Reproduce the whole listing word for word. Leave every image out.

**Exercise data**
·····

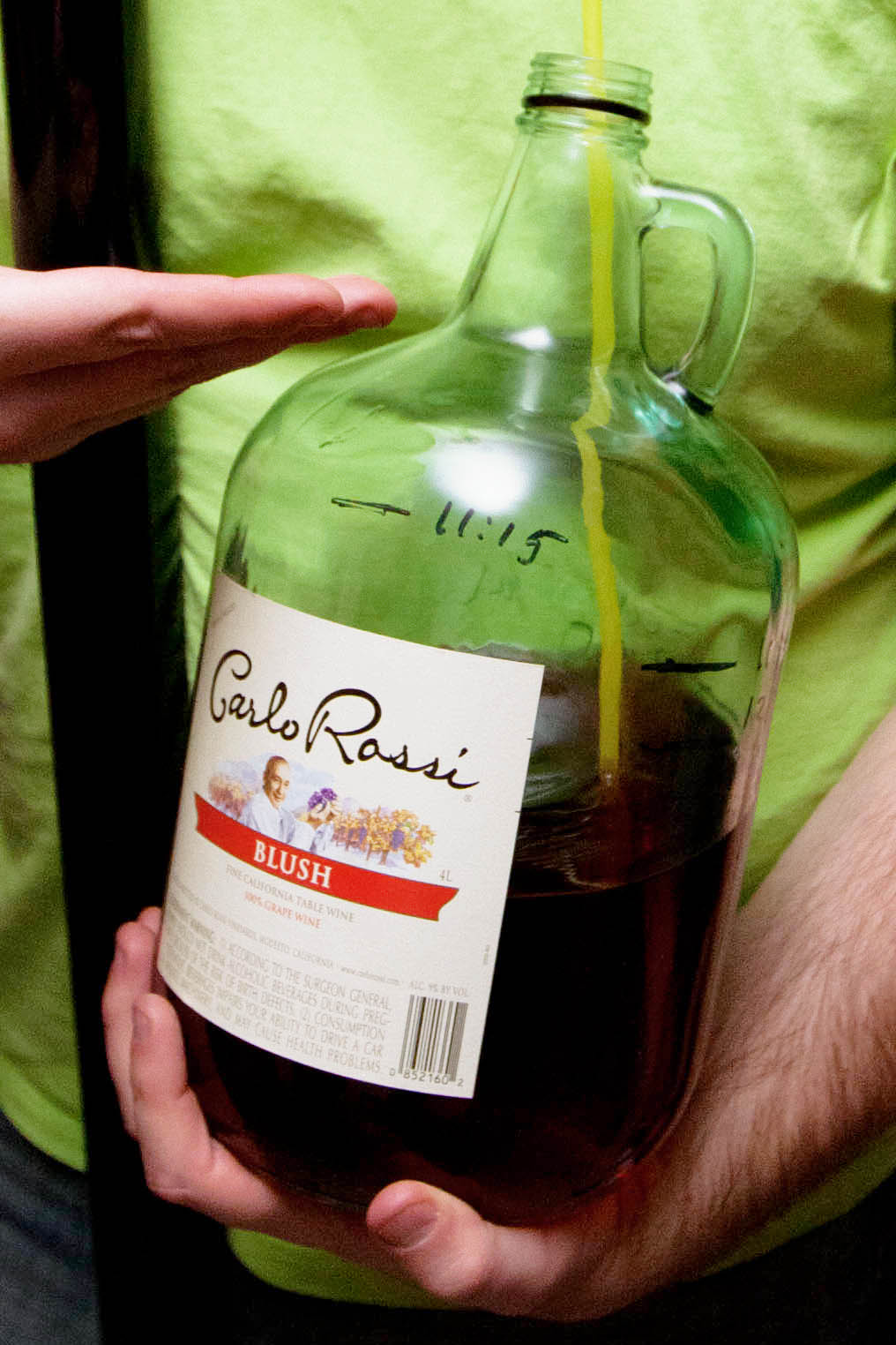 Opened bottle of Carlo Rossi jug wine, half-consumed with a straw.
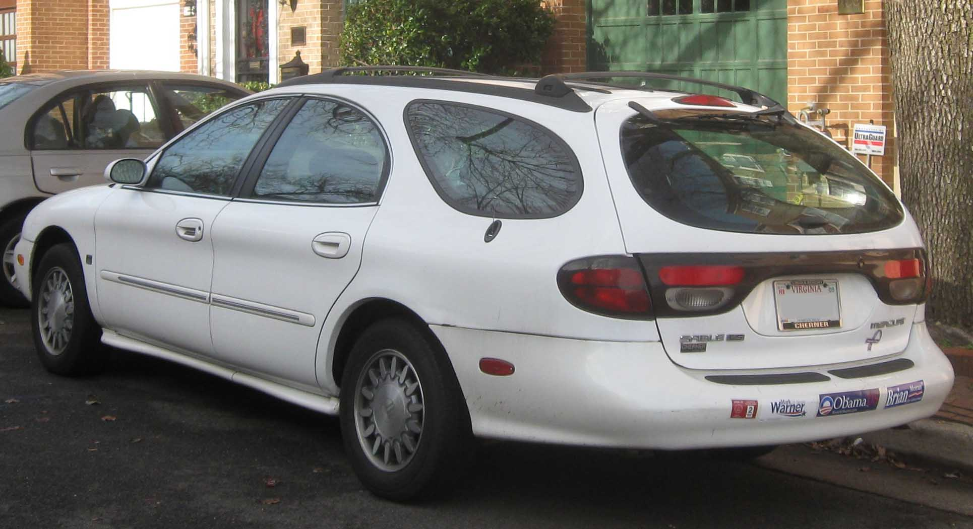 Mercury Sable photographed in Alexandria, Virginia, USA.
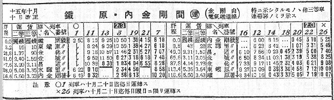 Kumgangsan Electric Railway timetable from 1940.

·····

**Reply to the exercise**
 Opened bottle of Carlo Rossi jug wine, half-consumed with a straw.
 Mercury Sable photographed in Alexandria, Virginia, USA.
 Kumgangsan Electric Railway timetable from 1940.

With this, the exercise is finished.